THUGLIT Issue One | страница 22



Things might of gone different for him if he hadn’t run, so that a ten-year old girl had to smoke him out for us. Now our blood was up. We glugged down the rest of that whiskey and yanked his trousers down and took out a sharp knife. Held Griselda, made her watch, sobbing. After, I saw Harlan’s cur loping away into the night with Ryne’s manhood.


*****

Cora, she hung tight to me the whole ride home. Six miles over the hills, cold wind cutting us all the way. First couple miles, didn’t neither of us say nothing.

“He going to live, Pa?” Cora finally asked.

“Not well. But he ain’t going to die, if that’s what you mean.” We rode on a ways. “You understand, don’t you?” I asked.

“You can’t go rutting someone you ain’t married to,” Cora said.

“That’s right.”

“I like this horse, Pa.”

“He’s a good one, all right.”

That Mustang was, too. He’d ride me right up into the mountains and carry the furs out. Keep me off the wages. Cora behind me patted the Mustang’s shanks.

“You going to take me up with you after the bears?” she asked.

“How’d you know about that?” I said.

She shrugged. “I know.”

Magpie by Hilary Davidson

The sheriff who called about my mother-in-law’s death sounded genuinely sad about it. “She looked like she was called up to the Lord all peaceful-like,” he said, in a deep voice that had a lingering drawl to it. “She went in her sleep, I reckon. I’m sure she didn’t feel no pain.”

He told me that she’d died of a heart attack, and that it had probably happened a couple of days earlier, given the state in which she was found. “Couple of her near neighbors hadn’t seen her about, so they went over, and then they called me. Poor Mrs. Carlow. Let me give you my number so your husband can call me.”
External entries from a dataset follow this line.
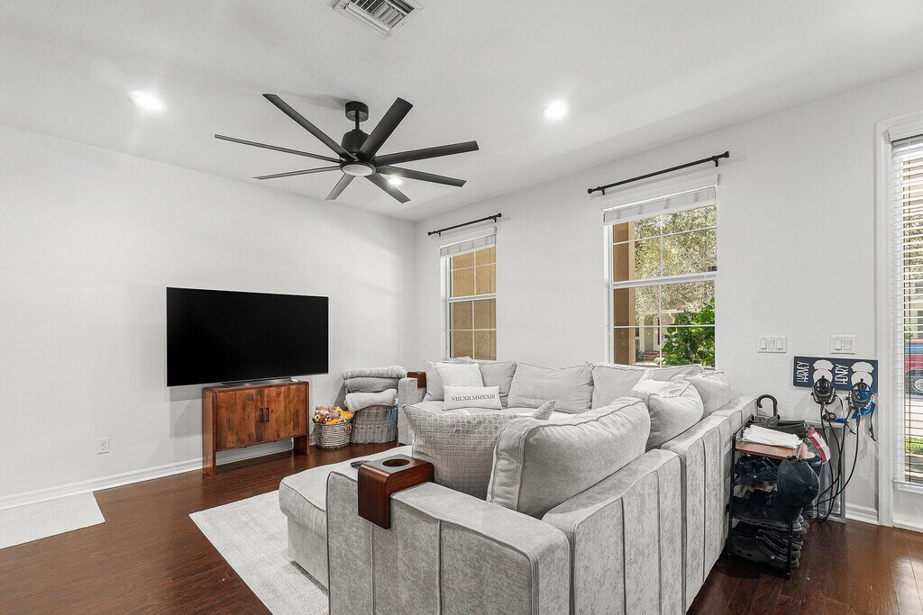 ANNUAL RENTAL ONLY- This beautifully upgraded 3-bedroom, 2.5-bathroom home offers the perfect blend of charm and modern elegance. From the moment you arrive, you'll be welcomed by a classic front porch and dual balconies--ideal for morning coffee or evening unwinding. Step inside to discover real hardwood floors, a light-filled open layout, and a stunning white kitchen complete with granite countertops, sophisticated tile backsplash, and ample storage. Built with quality in mind, this home features CBS construction, impact windows, and a one-car garage for peace of mind and functionality. Nestled in a highly sought-after Windsor Park with resort-style amenities, you'll enjoy the ultimate Florida lifestyle with access to a community pool, fitness center, clubhouse, and more.
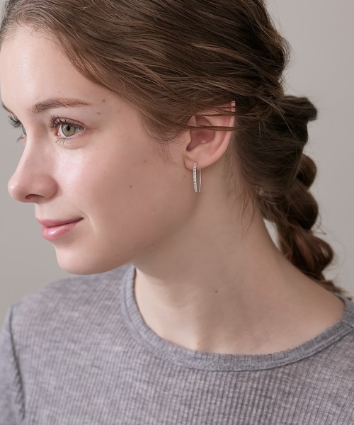 正面にデザインが施されたフックピアス。 シンプルながらも一癖あるデザインは顔周りにさり気ないアクセントを添えます。 イヤーカフとコーディネートするのもおすすめ。 ※手造り線加工の為、形状に個体差があります。 ※シリコンキャッチ付き。
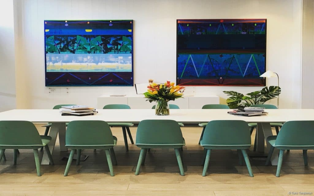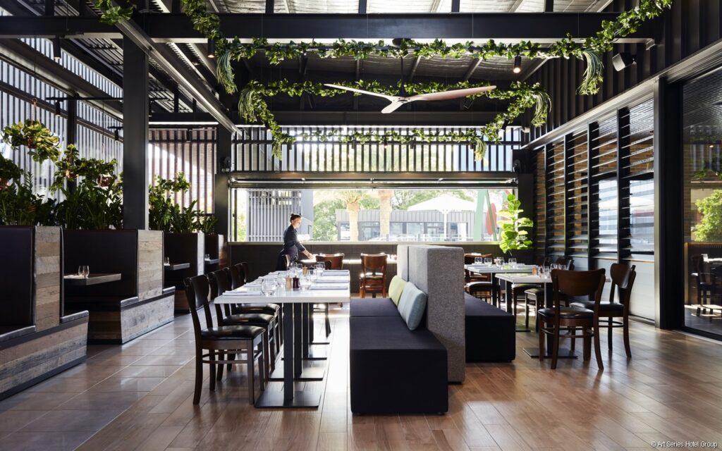 We love staying at art hotels and signed up for The Johnson’s hotel art tour in advance. Our guide was a lovely guy but he didn’t do the art tours often and had to read pretty much everything word for word off a piece of paper. Offering a self-guided tour could be a better option, especially as guests have to make a special appointment for the tour. Outside on level 5, you’ll find a glam 50-meter pool and sun deck. Inside the hotel, near the pool deck, there is also a gymnasium decorated with, you guessed it, beautiful Michael Johnson prints. Another highpoint is the on-site restaurant Tumbling Stone, named after one of Michael Johnson’s best known pieces. Its light and airy decor featuring louvres and plenty of greenery, is very much in keeping with Queensland’s obsession with the great outdoors.
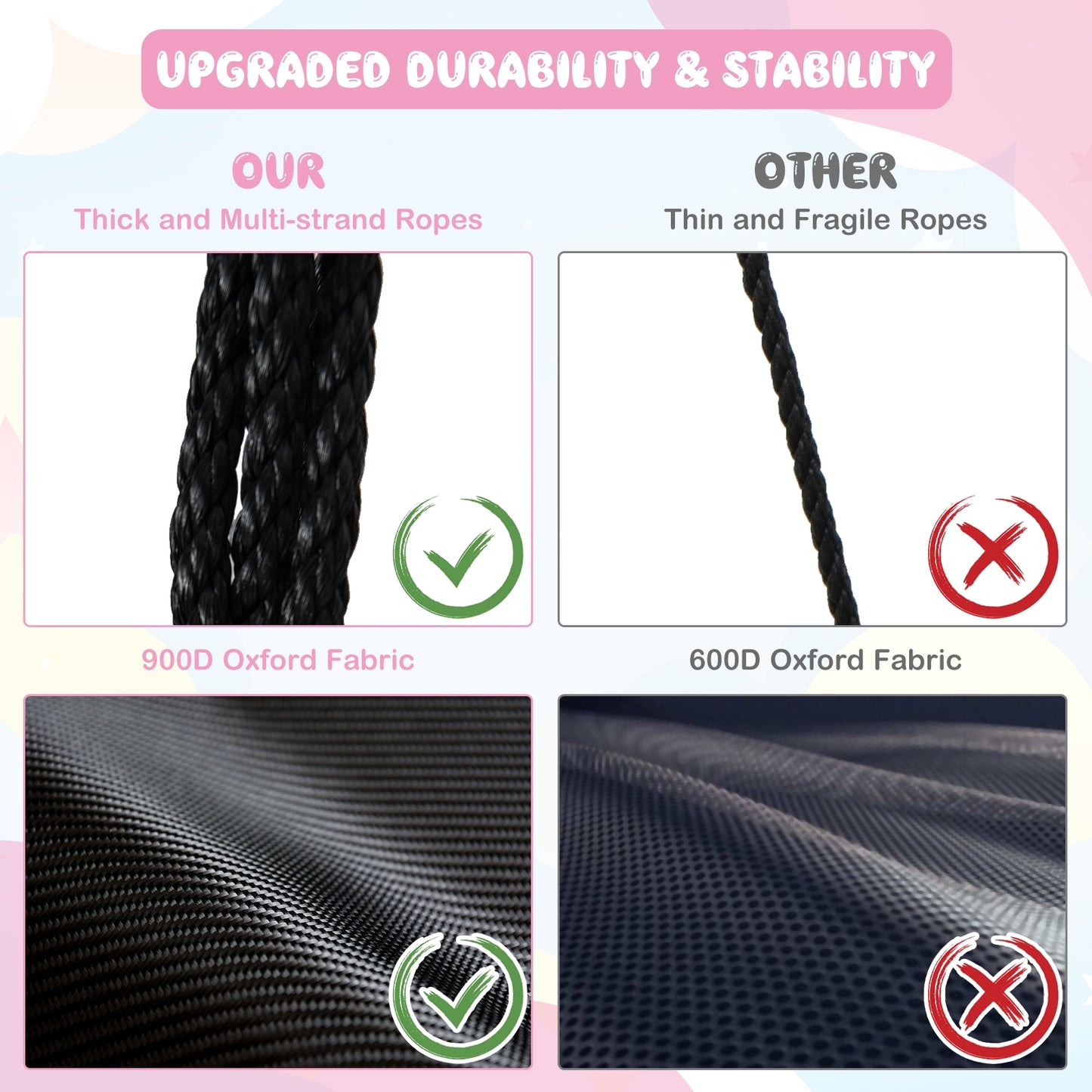 ● Selected Quality Materials: Made of high-quality 900D Oxford fabric and PP mesh fabric this saucer tree swing is built to last. The water tear and resistant Oxford fabric adapts to different weather conditions which is ideal for outdoor use. What's more the rustproof galvanized metal tubes with firm connections ensure safe use.
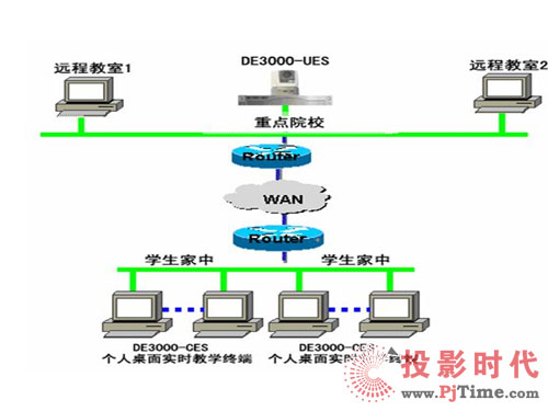 如上圖所示:DE3000系列中的DE3000-CES(個(gè)人桌面實(shí)時(shí)教學(xué)終端)主要用于學(xué)生在家里的PC上與學(xué)校的老師進(jìn)行實(shí)時(shí)的面對(duì)面授課。在學(xué)校的多媒體教室配備DE3000-UES(遠(yuǎn)程教育終端設(shè)備),在學(xué)生家中的電腦上安裝DE3000-CES(個(gè)人桌面實(shí)時(shí)教學(xué)終端),即可實(shí)現(xiàn)遠(yuǎn)程實(shí)時(shí)授課,其高質(zhì)量的音視頻效果與強(qiáng)大的數(shù)據(jù)功能,使學(xué)生猶如坐在教室里上課一樣,可體現(xiàn)出強(qiáng)烈現(xiàn)場(chǎng)感。
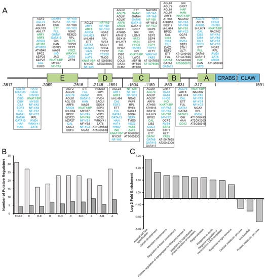 Analysis of transcription factors binding to the CRC promoter identified by Yeast One-Hybrid analysis. (A) Spatial distribution of transcription factor binding sites summarizing the Y1H screen of proCRC with transcription factor bait libraries using the fragments indicated in Supplemental Figure S1 as prey. Shown are only transcription factors with a known motif in PlantPan. Binding site proteins in black were identified by Y1H, those in blue by PlantPAN in silico prediction, and those in green indicate positional overlap of Y1H and PlantPAN data. (B) Quantitative analysis of putative CRC regulators’ distributions across the different fragments of proCRC. The number of regulators identified by in silico prediction with PlantPAN per 100 bp is shown in light grey, and the number of transcription factor binding sites identified by the Y1H screen per 100 bp are shown in dark grey. (C) GO enrichment analysis, categorizing the putative CRC regulators in different functional groups. Shown is the log 2-fold enrichment of significantly overrepresented GO terms.
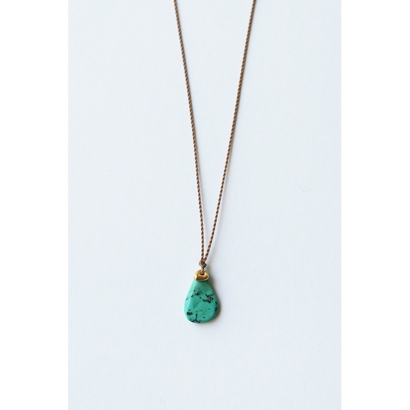 A small Turquoise raindrop bead, paired with an 18 karat gold nugget bead. Simple and joyful. The Turquoise bead measures about 10mm long, and the gold nugget is 4mm in diameter. On a beige nylon cord measuring 16 inches long, with a 14k gold spring clasp.
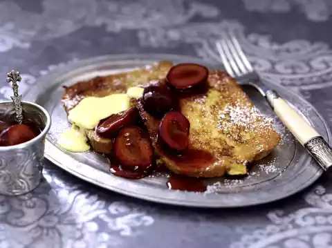 Heat the clarified butter in portions in a large coated pan. Fry two slices of bread (let them drip off a little beforehand) on each side for 3-4 minutes, turning them over medium heat until golden brown. Drain on kitchen paper and keep the finished Arme Ritter warm. Dust the knights with icing sugar. Serve with plum compote and some sauce. Add the rest of the compote and sauce

I dutifully wrote it down, then folded the paper and put it into my purse. It was just before noon, and Jake was probably with a patient, maybe even in surgery. Telling him the news about his mother over the phone seemed heartless. I could drive to his office and reveal all in person, but given that he hadn’t spoken to his mother in years, that seemed like overkill. The news could wait until evening, after he got home. There wasn’t anything either of us could do about it now. His mother had lived in the western edge of Ohio, close to the border with West Virginia. Jake and I were in Los Angeles, where we’d moved for his medical practice. We’d been there almost five years, and even though his roots were in hill country and mine were in Cleveland, the West Coast felt completely like home.